PROVIDED INFORMATION:
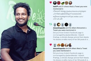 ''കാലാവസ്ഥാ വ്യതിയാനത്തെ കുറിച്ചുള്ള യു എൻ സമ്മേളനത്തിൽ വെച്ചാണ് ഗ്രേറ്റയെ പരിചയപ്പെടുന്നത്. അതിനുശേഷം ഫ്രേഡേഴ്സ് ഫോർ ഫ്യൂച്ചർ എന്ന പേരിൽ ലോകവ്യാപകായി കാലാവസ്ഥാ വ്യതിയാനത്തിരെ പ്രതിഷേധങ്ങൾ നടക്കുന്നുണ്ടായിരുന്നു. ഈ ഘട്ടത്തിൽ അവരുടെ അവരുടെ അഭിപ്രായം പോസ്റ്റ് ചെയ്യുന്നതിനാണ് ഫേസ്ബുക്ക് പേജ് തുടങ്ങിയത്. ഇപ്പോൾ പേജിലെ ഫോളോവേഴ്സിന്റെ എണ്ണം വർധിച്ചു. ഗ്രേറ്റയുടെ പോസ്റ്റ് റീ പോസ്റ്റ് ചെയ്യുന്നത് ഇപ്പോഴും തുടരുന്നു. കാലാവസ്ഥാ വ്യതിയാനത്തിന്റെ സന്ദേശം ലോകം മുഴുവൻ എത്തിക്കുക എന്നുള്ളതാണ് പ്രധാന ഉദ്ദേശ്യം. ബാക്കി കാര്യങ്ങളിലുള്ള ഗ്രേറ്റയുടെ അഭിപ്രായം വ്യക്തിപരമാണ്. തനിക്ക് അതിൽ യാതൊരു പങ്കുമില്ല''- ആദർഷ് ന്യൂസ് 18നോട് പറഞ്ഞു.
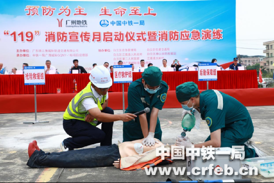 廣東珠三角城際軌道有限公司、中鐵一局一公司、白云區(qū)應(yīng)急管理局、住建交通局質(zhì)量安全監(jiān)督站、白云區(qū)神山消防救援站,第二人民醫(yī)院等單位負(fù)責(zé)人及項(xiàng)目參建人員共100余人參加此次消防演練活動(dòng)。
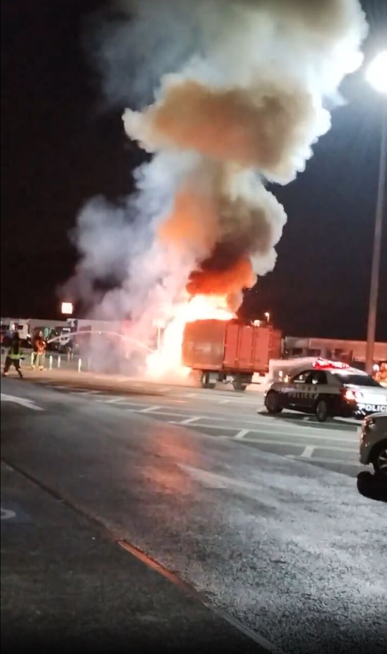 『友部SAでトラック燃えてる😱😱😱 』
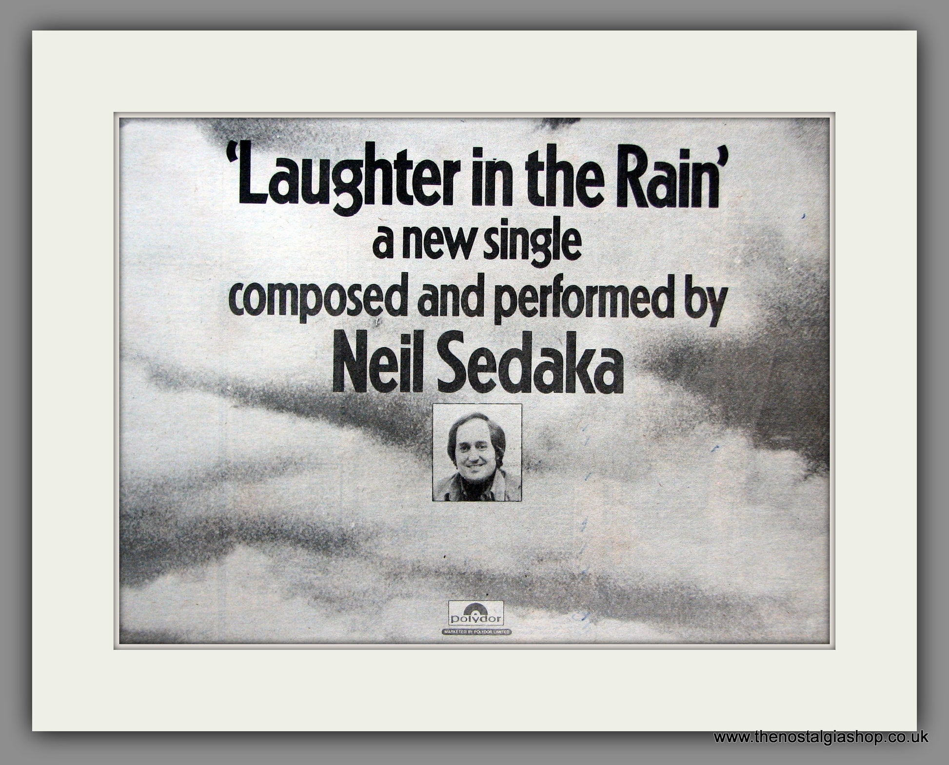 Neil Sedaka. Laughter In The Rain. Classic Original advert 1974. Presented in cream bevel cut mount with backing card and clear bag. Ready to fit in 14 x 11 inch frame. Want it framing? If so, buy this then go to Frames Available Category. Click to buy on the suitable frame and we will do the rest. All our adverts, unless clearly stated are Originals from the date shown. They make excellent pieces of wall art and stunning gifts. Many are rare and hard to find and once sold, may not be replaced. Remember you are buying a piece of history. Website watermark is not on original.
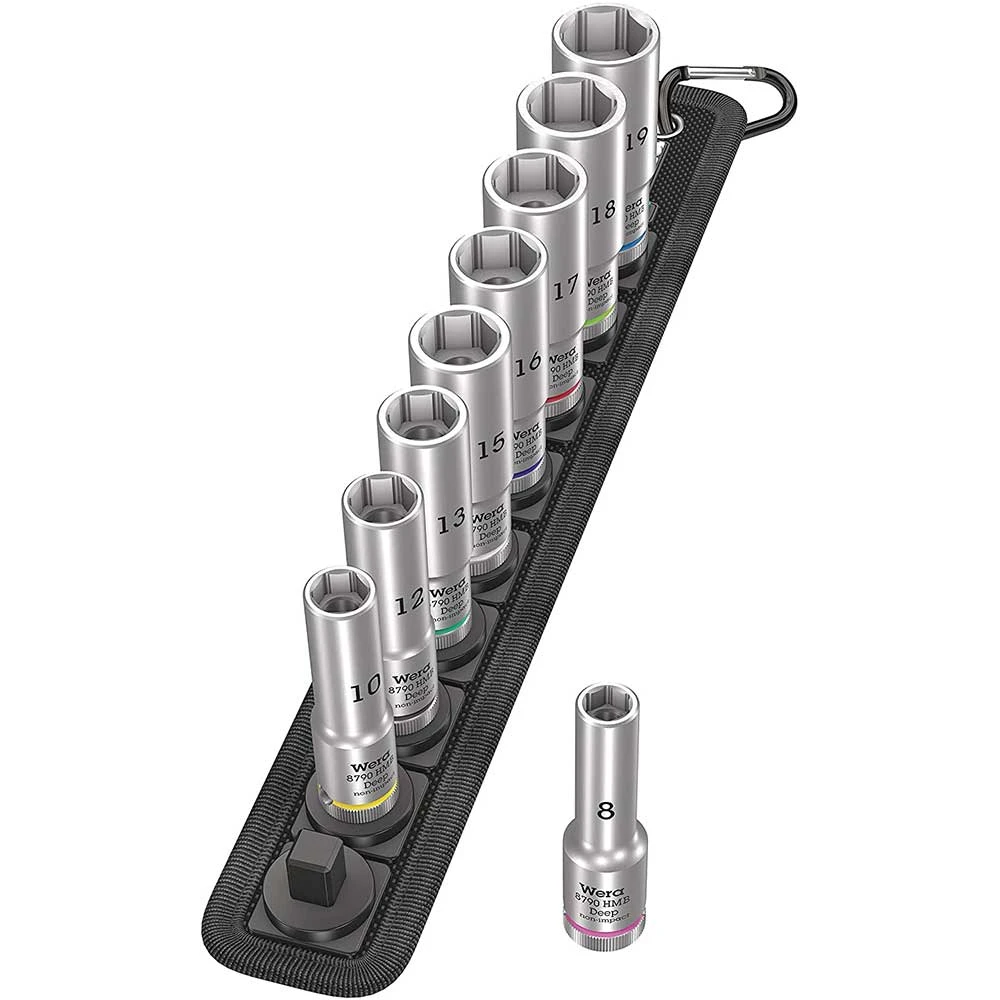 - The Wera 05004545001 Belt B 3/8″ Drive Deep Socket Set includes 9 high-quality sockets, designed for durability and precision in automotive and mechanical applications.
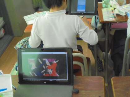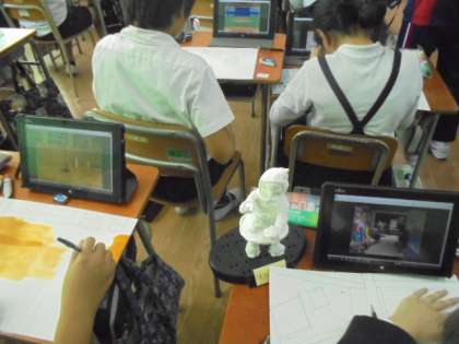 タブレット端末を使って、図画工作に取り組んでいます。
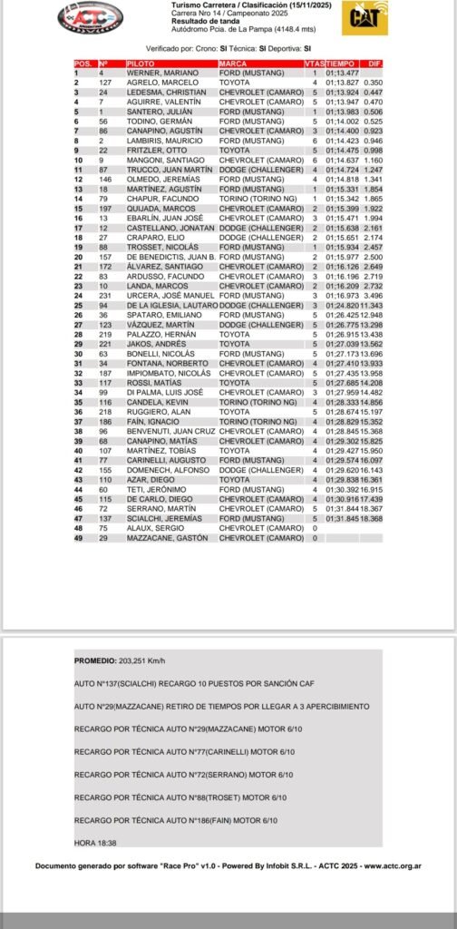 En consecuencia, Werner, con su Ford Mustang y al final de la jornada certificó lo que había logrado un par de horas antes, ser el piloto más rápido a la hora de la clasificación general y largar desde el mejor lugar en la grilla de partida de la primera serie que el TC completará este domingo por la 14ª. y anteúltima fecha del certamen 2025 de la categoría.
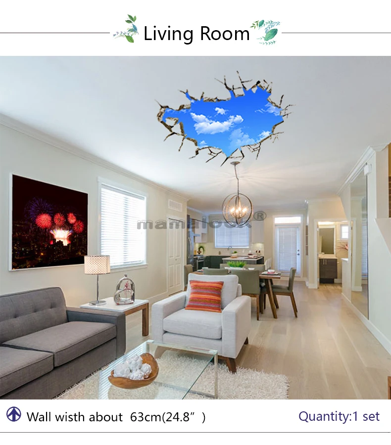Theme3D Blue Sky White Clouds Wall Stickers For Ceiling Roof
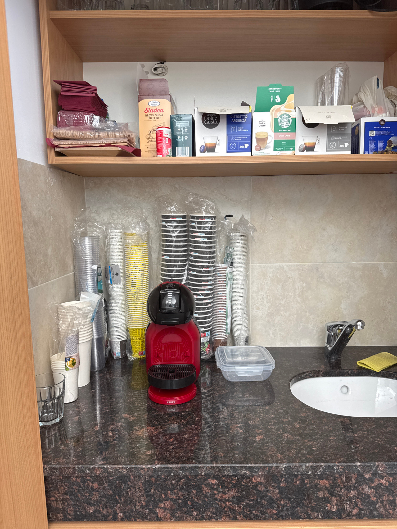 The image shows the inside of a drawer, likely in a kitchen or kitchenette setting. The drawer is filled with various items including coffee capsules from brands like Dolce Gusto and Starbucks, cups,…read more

EXERCISE INSTRUCTIONS:
Reproduce the listing above from the line that contains "Neil Sedaka. Laughter" through its final line, exactly and with nothing added. Omit the images.

WRITTEN SOLUTION:
 Neil Sedaka. Laughter In The Rain. Classic Original advert 1974. Presented in cream bevel cut mount with backing card and clear bag. Ready to fit in 14 x 11 inch frame. Want it framing? If so, buy this then go to Frames Available Category. Click to buy on the suitable frame and we will do the rest. All our adverts, unless clearly stated are Originals from the date shown. They make excellent pieces of wall art and stunning gifts. Many are rare and hard to find and once sold, may not be replaced. Remember you are buying a piece of history. Website watermark is not on original.
 - The Wera 05004545001 Belt B 3/8″ Drive Deep Socket Set includes 9 high-quality sockets, designed for durability and precision in automotive and mechanical applications.
 タブレット端末を使って、図画工作に取り組んでいます。
 En consecuencia, Werner, con su Ford Mustang y al final de la jornada certificó lo que había logrado un par de horas antes, ser el piloto más rápido a la hora de la clasificación general y largar desde el mejor lugar en la grilla de partida de la primera serie que el TC completará este domingo por la 14ª. y anteúltima fecha del certamen 2025 de la categoría.
Theme3D Blue Sky White Clouds Wall Stickers For Ceiling Roof
 The image shows the inside of a drawer, likely in a kitchen or kitchenette setting. The drawer is filled with various items including coffee capsules from brands like Dolce Gusto and Starbucks, cups,…read more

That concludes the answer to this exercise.